In contrast with Wolfgang Amadeus Mozart, very little was known about Johann Sebastian Bach’s early years until recently. His early works, such as the Easter cantata “Christ lag in Todesbanden ” or the “ Actus tragicus ”, reveal a composer who achieved mastery at a young age, but not the route to this status.  
In Weimar , Peter Wollny and Michael Maul have discovered copies of works by Dietrich Buxtehude (chorale fantasia “Nun freut euch , lieben Christen gmein ”) and Johann Adam Reinken (chorale fantasia “An Wasserflüssen Babylon”) in the hand of the twelve- to fifteen-year-old Bach. They are in the usual tablature notation of the period, which enabled keyboard music to be written out making the most economical use of space on the page.

Corrections in Bach’s own hand show that he played these extremely demanding works at an early age. A further annotation reveals that he was a pupil of the Lüneberg organist Georg Böhm by 1700. Altogether, this discovery represents new material of fundamental importance for Bach research.

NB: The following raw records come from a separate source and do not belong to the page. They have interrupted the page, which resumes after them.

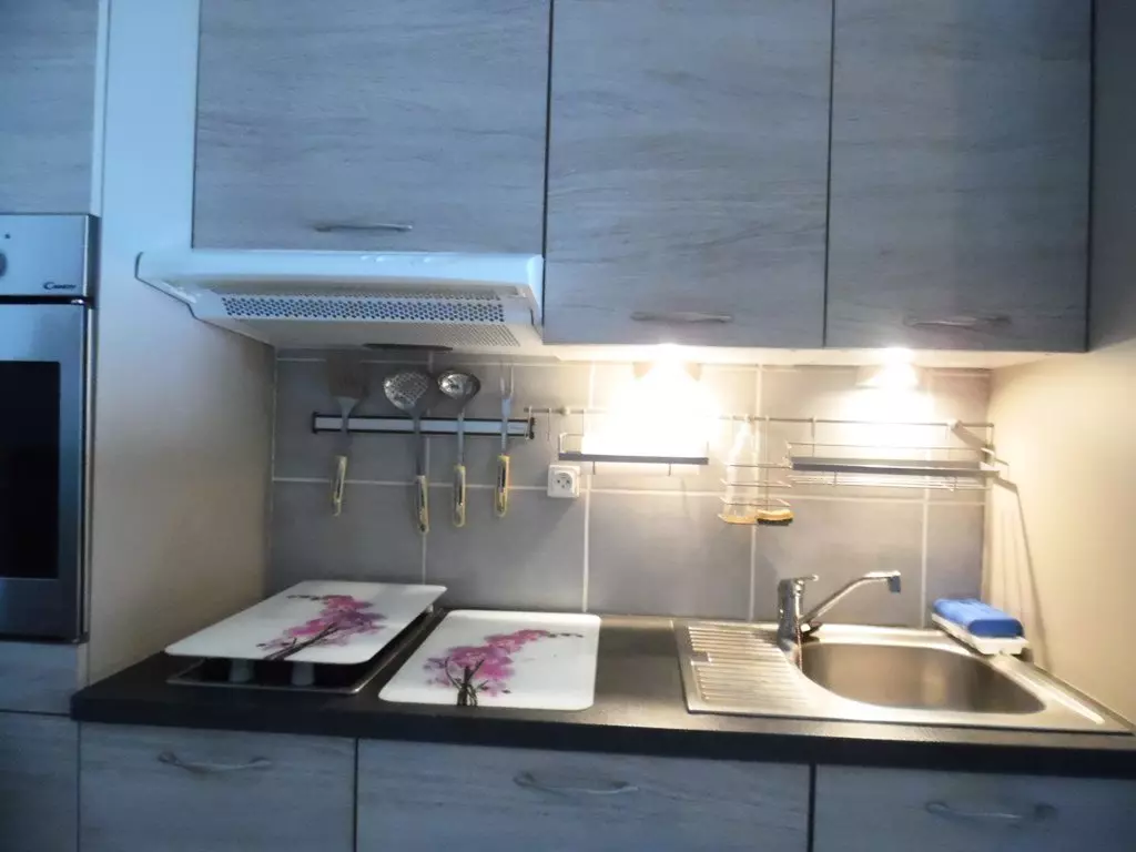 Le séjour comprend une banquette convertible 2 places en 130 et une télévision. Le coin-cuisine est entièrement équipé : plaques électriques, four, micro-ondes, réfrigérateur, lave-vaisselle et lave-linge.
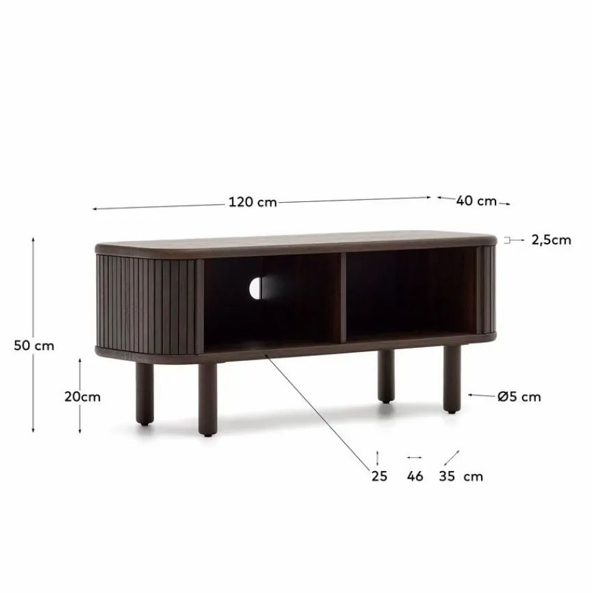 Das TV-Lowboard Mailen von Kave Home verkörpert sachlichen Chic, Extravaganz und Kreativität. Abgerundete Kanten und ein elegantes Lamellendesign, das an klassische Tambour-Rolladenmöbel denken lässt, machen diesen TV-Unterschrank zum Blickfang in Ihrem Zuhause. In einem bewusst schlicht gehaltenen Raum kann das TV-Lowboard Mailen zum Beispiel fantastisch wirken.
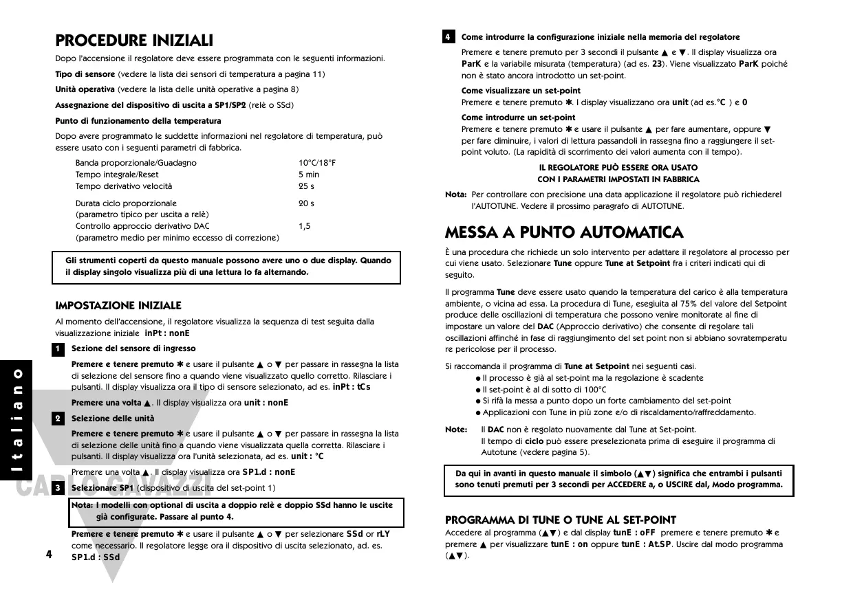 Da SPrr nel Livello 1, premere e tenere premuto ✱ e ▲ o ▼ per passare in rassegna e raggiungere la pendenza della rampa desiderata. Da SoAk – – nel Livello 1, premere e tenere premuto ✱ e ▲ o ▼ per passare in rassegna e raggiungere il tempo di stasi desiderato. Impostare Rampa accesa (Spenta; Accesa; Mantenuta) Da Sprn nel Livello 1, premere e tenere premuto ✱, poi premere ▲ per selezionare On (Acceso). Uscire dal programma (▲▼) per introdurre i parametri nella memoria e cominciare la rampa verso il punto di set-point. Note: I t a l i a n o Come preselezionare l’Accettazione Automatica del tempo di durata calcolato dall’ AUTOTUNE Prima che inizi l’AUTOTUNE, selezionareCYC.t nel Livello 1; premere e tenere premuto il pulsante ✱ e ▼ fino a quando l’avanzamento si ferma su A – –. Uscire dal programma (▲▼) per accettare automaticamente il valore calcolato. Tempo Nella configurazione Rampa accesa, se l’alimentazione del regolatore viene spenta la rampa ricomincia quando è riaccesa. L’opzione Rampa mantenuta sospende la rampa al suo ultimo valore. Se non è stato impostato alcun periodo di stasi, il controllo al set-point bersaglio continua indefinitamente. Gli allarmi di deviazione di SP2 seguono il punto di funzionamento della rampa e possono essere usati per produrre l’allarme di pendenza “fuori dei limiti” della rampa. AVVERTENZA Quando il punto di funzionamento della rampa raggiunge il set-point, il timer di stasi è attivato. Se la pendenza della rampa è impostata su una valore troppo alto per il processo, il timer di stasi viene innescato prima che la temperatura del processo raggiunga set-point.
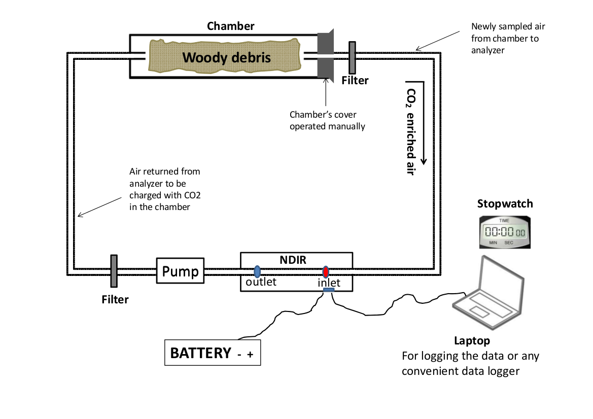 Using NDIRs requires the development of physical set-ups for the widest possible variety of decomposing materials, including leaf litter, dead wood etc. But learning from soil biologists who first used comparable techniques for measuring soil respiration could help. There are several ways of using NDIRs, including direct air sampling or linking them to different types of chambers.
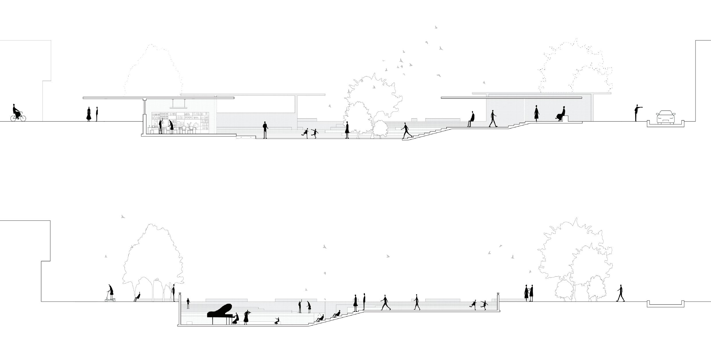 open-view circulation paths connecting multiple floors and sub-levels. These pathways merge seamlessly in different directions, enhancing the ease of movement and inviting continuous exploration of the structure.

The full-colour facsimile reproduces the manuscripts in their original form, as separate leaves and folded sheets. Bach’s transcriptions are accompanied by the copies made by his pupil Johann Martin Schubart , which include some unknown works by Johann Pachelbel . Faithful transcriptions of all the works into modern notation facilitate study of the manuscripts and also enable them to be performed.